Airflow metrics with Prometheus - Time & Space Complexity
When Airflow sends metrics to Prometheus, it collects data from many tasks and DAGs. We want to understand how the time to gather these metrics grows as the number of tasks or DAGs increases.
How does the work needed to collect metrics change when we add more tasks?
Analyze the time complexity of this Airflow metrics collection snippet.
from prometheus_client import Gauge
def collect_task_metrics(dags):
task_gauge = Gauge('airflow_task_duration', 'Duration of Airflow tasks', ['dag_id', 'task_id'])
for dag in dags:
for task in dag.tasks:
duration = task.get_duration()
task_gauge.labels(dag_id=dag.dag_id, task_id=task.task_id).set(duration)
This code loops through all DAGs and their tasks to collect duration metrics for Prometheus.
Look at the loops that repeat work:
- Primary operation: Looping through each DAG and then each task inside it.
- How many times: For each DAG, it loops through all its tasks, so total loops equal the sum of all tasks in all DAGs.
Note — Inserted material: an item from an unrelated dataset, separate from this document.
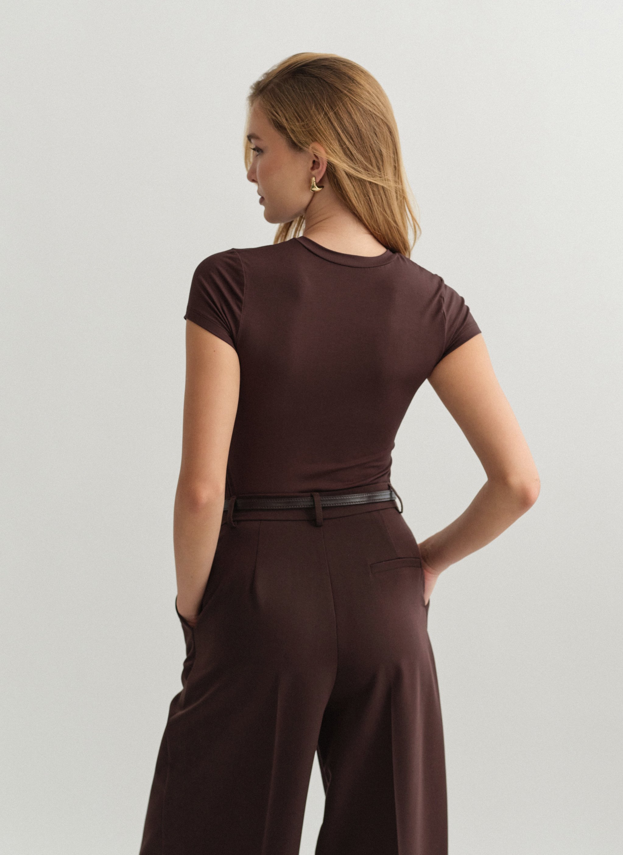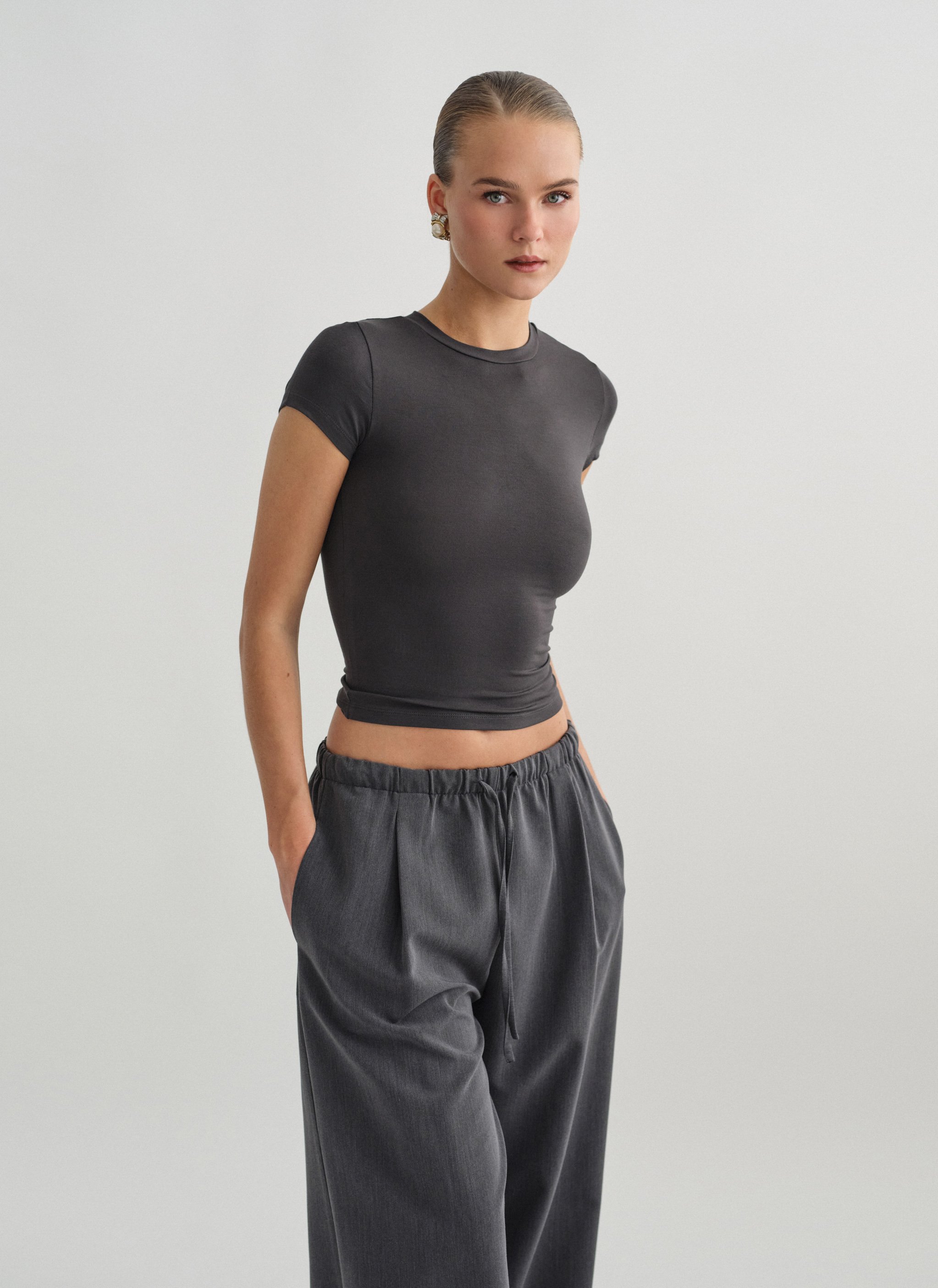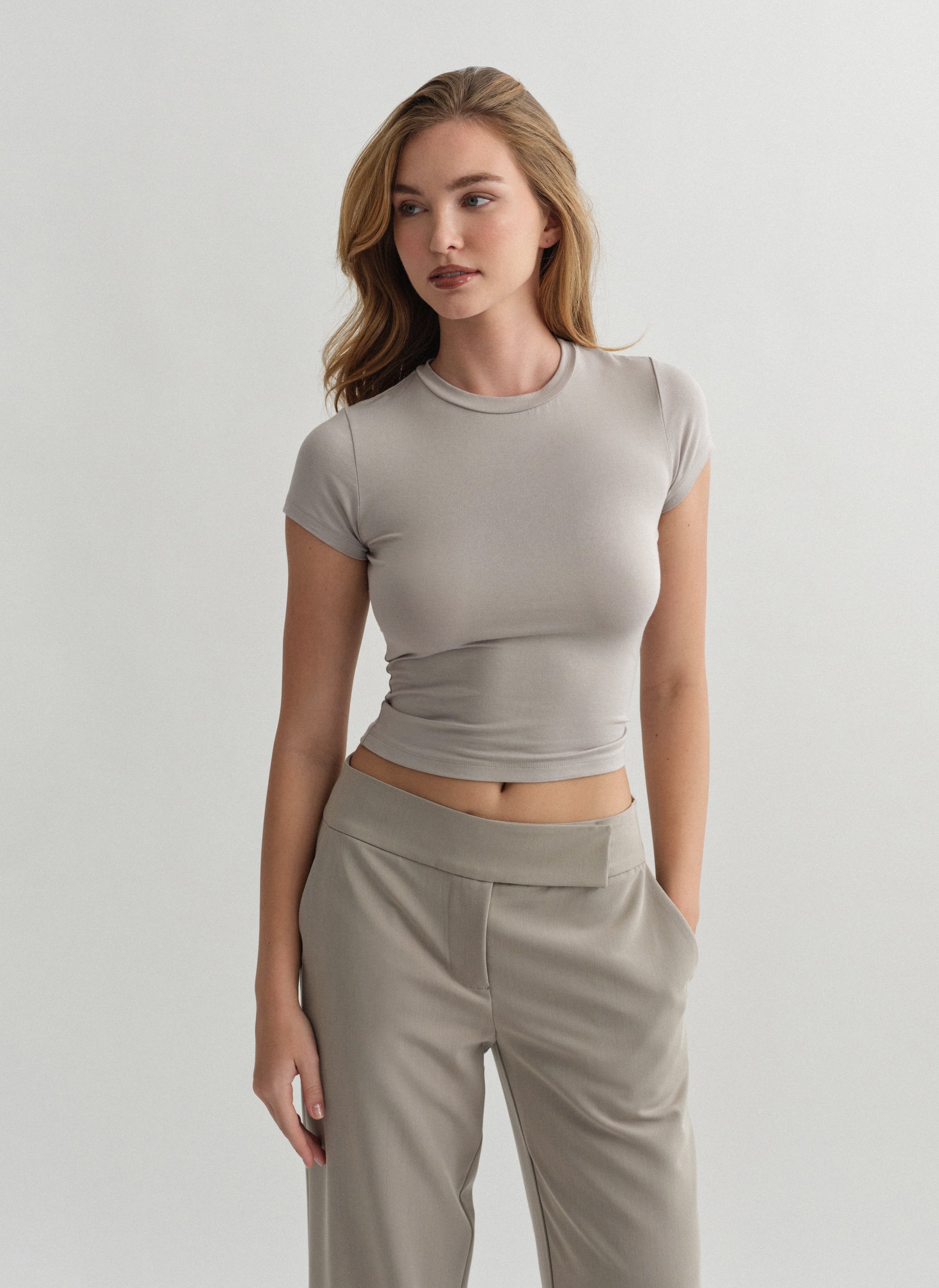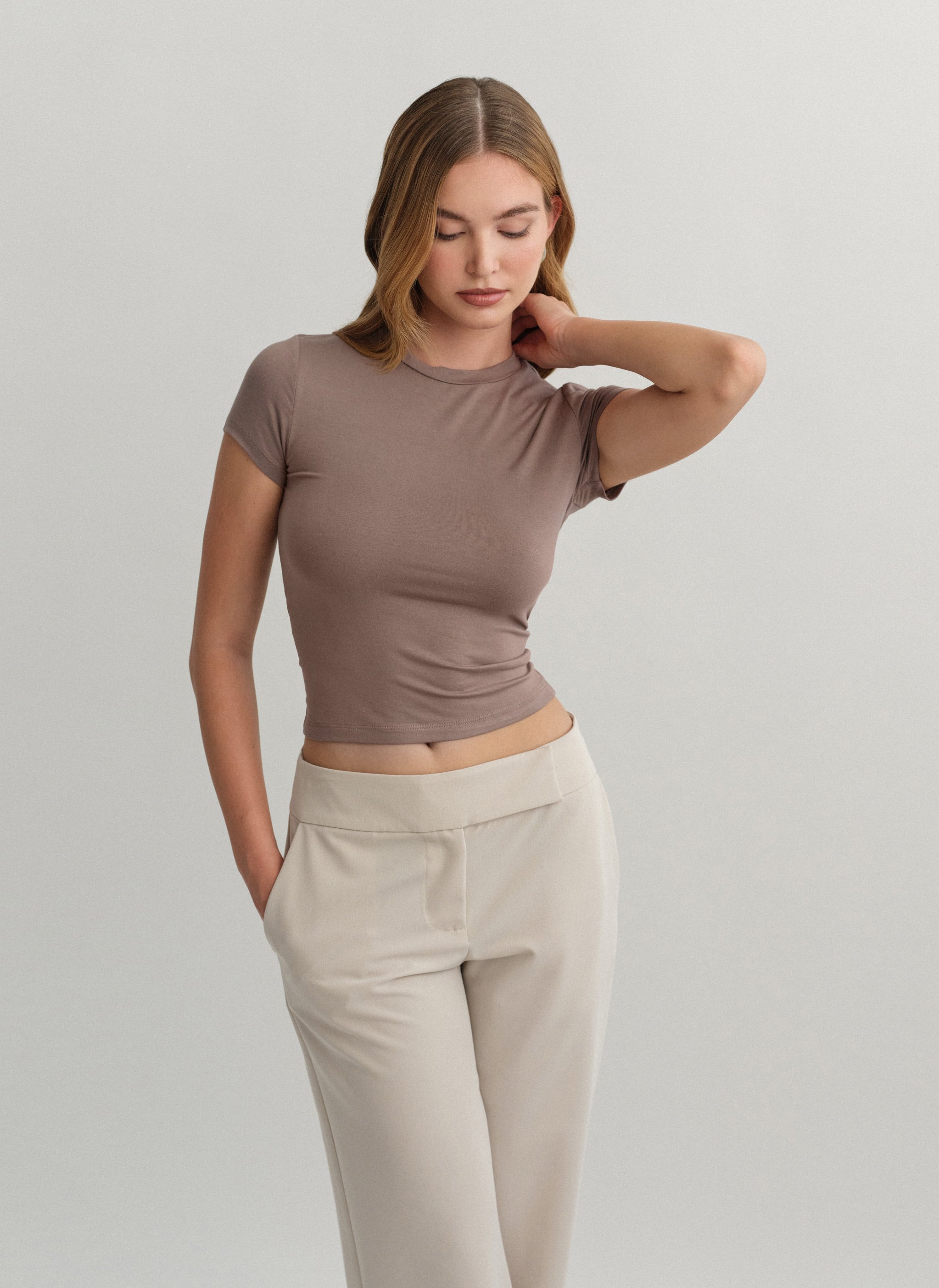 Ελαστικό κοντομάνικο basic τοπ bamboo με στρογγυλή λαιμόκοψη.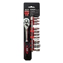 КомплектацияГоловка торцевая 6-гранная 1/4"DR 4, 5, 6, 7, 8, 9, 10, 11, 12, 13 мм - 10 штТрещоточная рукоятка 1/4"DR с пластиковой ручкой, 72 зубца - 1 штУдлинитель 1/4"DR 100 мм - 1шт

As the number of DAGs and tasks grows, the work grows too:
| Input Size (total tasks) | Approx. Operations |
|---|---|
| 10 | About 10 metric sets |
| 100 | About 100 metric sets |
| 1000 | About 1000 metric sets |
Pattern observation: The work grows directly with the number of tasks. Double the tasks, double the work.
Time Complexity: O(n)
This means the time to collect metrics grows in a straight line with the number of tasks.
[X] Wrong: "Collecting metrics is always fast and does not depend on the number of tasks."
[OK] Correct: Each task adds work because the code loops through all tasks. More tasks mean more time needed.
Understanding how metric collection scales helps you design efficient monitoring in real projects. It shows you can think about how systems behave as they grow, a key skill in DevOps.
"What if we cached task durations instead of collecting them every time? How would the time complexity change?"